2. Chemical pathways yielded complex biomolecules. Once life’s building-block molecules formed, plausible chemical routes and processes must have existed for them to condense into the molecular entities that ultimately led to the complex biomolecules central to the cell’s structural and functional components. These biomolecules include DNA, RNA, proteins, and membrane and all cell-wall components.
3. The chemical pathways that yielded life’s building blocks and complex molecular constituents operated in early Earth’s conditions. Not only must origin-of-life models identify plausible chemical routes that yielded life’s molecules, but these routes also must have operated under early Earth’s conditions and generated sufficient material to allow life to evolve.
4. Sufficiently placid chemical and physical conditions existed on early Earth for long periods of time. This prediction is a necessary corollary to the previous one. While the production of prebiotic compounds required high-energy conditions, these conditions could not persist for long without destroying the very molecules they formed. Fragile complex biomolecules like DNA, RNA, and proteins are particularly susceptible to breakdown by water and to breakage by mechanical, shear stresses.

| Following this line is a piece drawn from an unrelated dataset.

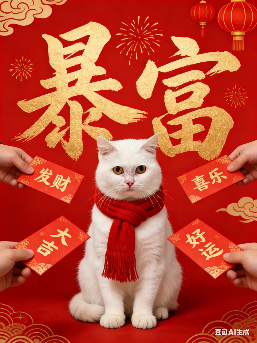 背景场景:背景为大面积喜庆正红色,有巨大金色书法字体 “暴富”,点缀金色烟花、红色灯笼、祥云纹样,营造浓烈春节氛围
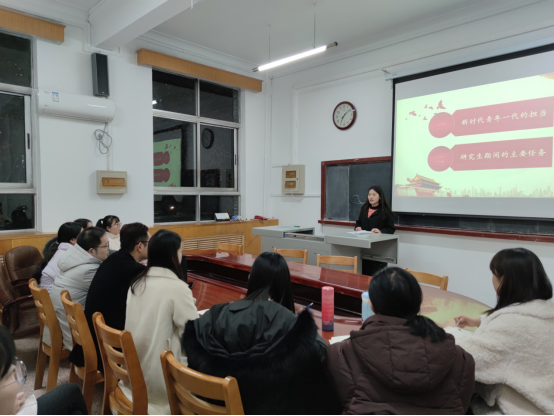 本次报告会是研究生党支部积极开展党员同志联系服务群众,以党建带团建的主题活动之一。王美云同志围绕“彰显青春力量 共绽师范风采”的活动主题,从以下两个方面做了主要演讲:第一、新时代青年一代的担当。王美云同志与大家分享了习近平总书记给青年学生的三封回信,提出作为新时代的青年,要担当时代责任,锤炼品德修为,练就过硬本领,最终成就一番事业。第二、研究生期间的主要任务。王美云同志针对学科教学专业的学习任务以及专业特点做主要发言,并对2020级学科教学专业全体研究生提出建议。最后,王美云同志以习近平总书记的两句话与大家共勉:“强者,总是从挫折中不断奋起、永不气馁;奋斗是青春最亮丽的底色”,并对2020级学科教学专业全体研究生表示衷心的祝愿。

5. Geochemical evidence for a prebiotic soup exists in Earth’s oldest rocks. Regardless of the source of prebiotic compounds, if a prebiotic soup existed on early Earth as a necessary preamble to life’s origin, then evidence for it should be discovered in the oldest layers of Earth’s geological column. (Of course, this prediction need not be a part of models in which life originates beyond Earth.)
6. Life appeared gradually on Earth over a long period of time. The transition from the prebiotic starting materials thought to have been present on early Earth, through a prebiotic soup to the first cellular entities, would require many chemical steps. Some of these steps proceed slowly, while others seem highly unlikely. Given these facts, life’s emergence should have required a long time to unfurl once Earth’s conditions could feasibly support life.
7. The origin of life occurred only once on Earth. This prediction stands as a corollary to the previous one, especially considering the number of steps required to generate first life from nonliving chemical entities and the low probability of some of the steps. In other words, it was such a lengthy, unlikely process that it could, at most, have happened just once.
8. Earth’s first life was simple. Given the arduous process required to generate the first lifeforms, it follows that life as it first appeared on Earth must have been simple, both in terms of its chemical makeup and its morphology, or form.
9. Life in its most minimal form is demonstrably simple. Life’s minimal complexity describes the fewest number of different biomolecules that must have simultaneously co-occurred for life to originate. For a realistic probability of emergence through natural processes, life’s most minimal form must have been relatively simple.